Voter pour essayer de faire changer les choses ou s’abstenir pour protester contre leurs conditions de vie ou les atteintes aux libertés : les Algérois ont déjà un avis tranché sur leur participation aux législatives qui se tiennent ce samedi
Quelque 24 millions d’Algériens sont appelés à élire les 407 députés de l’Assemblée populaire nationale pour un mandat de cinq ans. Ils doivent choisir parmi plus de 2 200 listes, dont plus de la moitié s’affichent comme « indépendantes » (AFP/Ryad Kramdi)

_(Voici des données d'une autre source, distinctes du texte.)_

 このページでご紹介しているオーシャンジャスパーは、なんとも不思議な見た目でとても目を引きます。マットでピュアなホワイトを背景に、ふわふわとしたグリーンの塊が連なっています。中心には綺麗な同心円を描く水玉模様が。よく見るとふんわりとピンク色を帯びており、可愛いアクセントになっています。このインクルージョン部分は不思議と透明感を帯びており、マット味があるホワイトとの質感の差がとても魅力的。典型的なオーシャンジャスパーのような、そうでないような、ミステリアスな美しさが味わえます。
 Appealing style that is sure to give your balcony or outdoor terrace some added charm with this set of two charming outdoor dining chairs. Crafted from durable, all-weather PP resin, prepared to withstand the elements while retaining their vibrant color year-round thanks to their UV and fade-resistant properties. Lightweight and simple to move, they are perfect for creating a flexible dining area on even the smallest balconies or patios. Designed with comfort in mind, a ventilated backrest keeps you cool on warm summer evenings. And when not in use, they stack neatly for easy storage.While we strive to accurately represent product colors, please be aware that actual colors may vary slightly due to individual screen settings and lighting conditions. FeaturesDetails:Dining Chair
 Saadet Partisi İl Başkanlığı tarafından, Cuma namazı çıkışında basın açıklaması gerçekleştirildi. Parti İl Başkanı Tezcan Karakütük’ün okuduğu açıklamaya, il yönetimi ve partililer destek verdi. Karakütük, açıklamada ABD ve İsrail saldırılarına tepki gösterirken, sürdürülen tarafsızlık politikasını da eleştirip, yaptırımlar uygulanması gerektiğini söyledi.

Quelque 24 millions d’Algériens sont appelés à élire les 407 députés de l’Assemblée populaire nationale pour un mandat de cinq ans. Ils doivent choisir parmi plus de 2 200 listes, dont plus de la moitié s’affichent comme « indépendantes » (AFP/Ryad Kramdi)

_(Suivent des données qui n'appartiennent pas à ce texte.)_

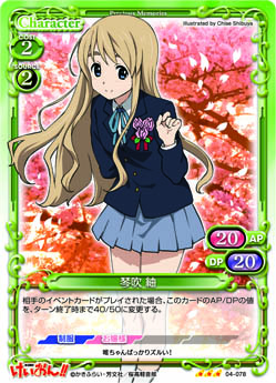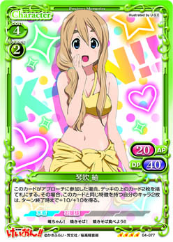 | 相手のイベントカードがプレイされた場合、このカードのAP/DPの値を、ターン終了時まで40/50に変更する。 | ||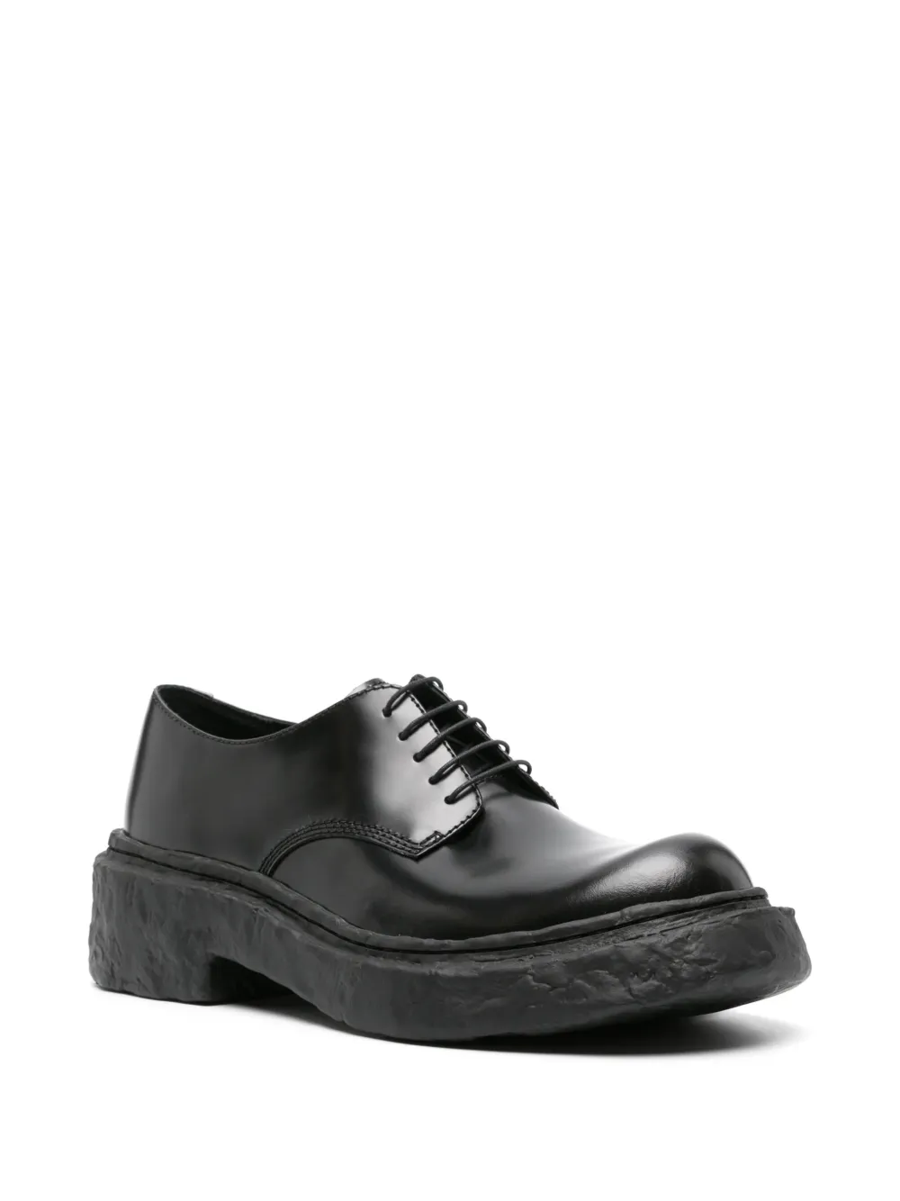 Черный, телячья кожа, стелька с логотипом, шнуровка спереди, закругленный носок и блочный каблук. Это унисекс-модель. Обратите внимание, что для нее используется мужская размерная сетка.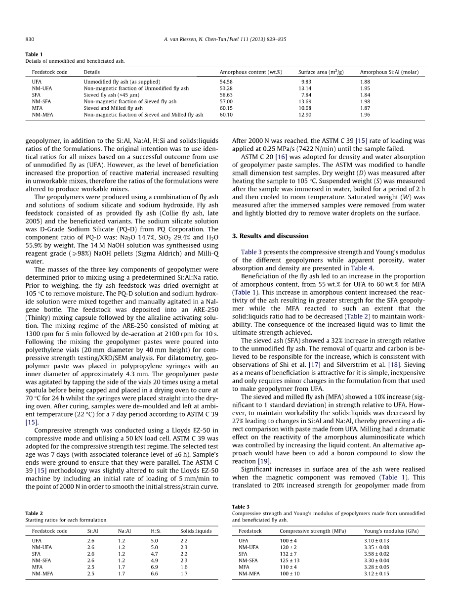 对粉煤灰的预处理导致了非晶形含量从UFA的55 wt.%增加到MFA的60 wt.%(表1)。非晶形含量的增加也使灰分的反应活性增强,这导致了SFA地聚物的强度更高,而MFA反应到这样的程度以致必须降低固液比(表2)来保持可加工性。增加液体的后果是限制了可以达到的极限强度。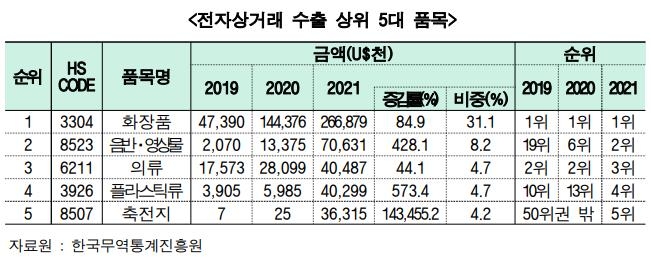 지난해 전체 전자상거래 수출에서 화장품 비중은 31.1%로 압도적 1위였고, 음반·영상물이 8.2%로 그 뒤를 이었다. 의류 비중은 4.7%였다.

Par Zohra Souamès à ALGER, Algérie

Dans les rues du centre d’Alger, l’ambiance est celle d’un début d’été. Les boutiques de prêt-à-porter affichent les nouvelles collections et les terrasses des cafés sont pleines. On y croise aussi des panneaux électoraux où les nombreuses affiches présentent les candidats avec leur nom, leur fonction et même parfois la nature de leur diplôme. 

Pas moins de 1 080 listes de partis et 1 208 listes indépendantes ont été validées dans tout le pays pour ce scrutin visant à élire les 407 nouveaux députés de l’Assemblée populaire nationale (APN, chambre basse du Parlement) pour un mandat de cinq ans.

Certains passants y jettent un regard furtif, sans grand intérêt, et d’autres s’attardent plus longtemps, peut-être captés par les slogans : « L’opportunité du changement », « Pour une Algérie juste », « Choisis l’Algérie », « Ta voix, ton avenir », etc.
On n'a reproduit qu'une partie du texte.